根据 bobince 对 2008 年的这个答案 是:我的理解是,返回字节数(例如 fread/fwrite/etc)的调用实际上返回一个数字- 字符.这会导致各种各样的症状,例如输入读取不完整、fflush 挂起、批处理文件损坏等."
The resulting symptoms, according to a comment by bobince on this answer from 2008, are: "My understanding is that calls that return a number-of-bytes (such as fread/fwrite/etc) actually return a number-of-characters.

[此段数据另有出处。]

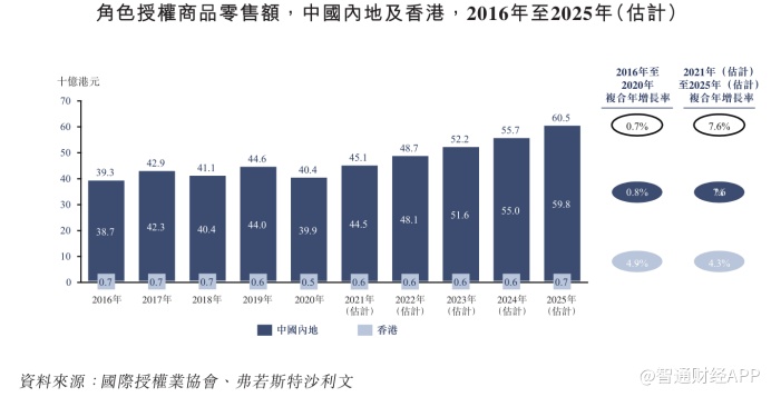 据弗若斯特沙利文资料,2016-2020年,中国内地及中国香港整体角色授权商品的零售额规模由393亿港元增加至404亿港元,复合年增长率约为0.7%;而对于行业未来增长前景展望,弗若斯特沙利文给出的数字则是2021年至2025年角色知识产权授权商品的零售额将以7.6%的复合年增长率快速增长。其给出这一判断则基于,国内知识产权的创作能力不断提升,且消费者对知识产权保护的意识增强。

This causes a wide variety of symptoms, such as incomplete input-reading, hangs in fflush, the broken batch files and so on."
eryksun 建议使用两种 本地 Windows 控制台窗口的替代方案(
conhost.exe
),它们提供更好、更快的 Unicode 字符渲染,由于使用现代的、GPU 加速的 DirectWrite/DirectX API 而不是旧的 GDI 实现[无法处理复杂的脚本、非 BMP 字符或自动回退字体".
eryksun suggests two alternatives to the native Windows console windows (
conhost.exe
), which provider better and faster Unicode character rendering, due to using the modern, GPU-accelerated DirectWrite/DirectX API instead of the "old GDI implementation [that] cannot handle complex scripts, non-BMP characters, or automatic fallback fonts."
Microsoft 自己的开源 Windows 终端,它通过 Windows 10 中的 Microsoft Store 分发和更新 - 请参阅此处介绍.
历史悠久的第三方替代方案 ConEmu,它具有也可以使用旧版 Windows 的优势.
Long-established third-party alternative ConEmu, which has the advantage of working on older Windows versions too.
这篇关于在 Powershell 中显示 Unicode的文章就介绍到这了,希望我们推荐的答案对大家有所帮助,也希望大家多多支持!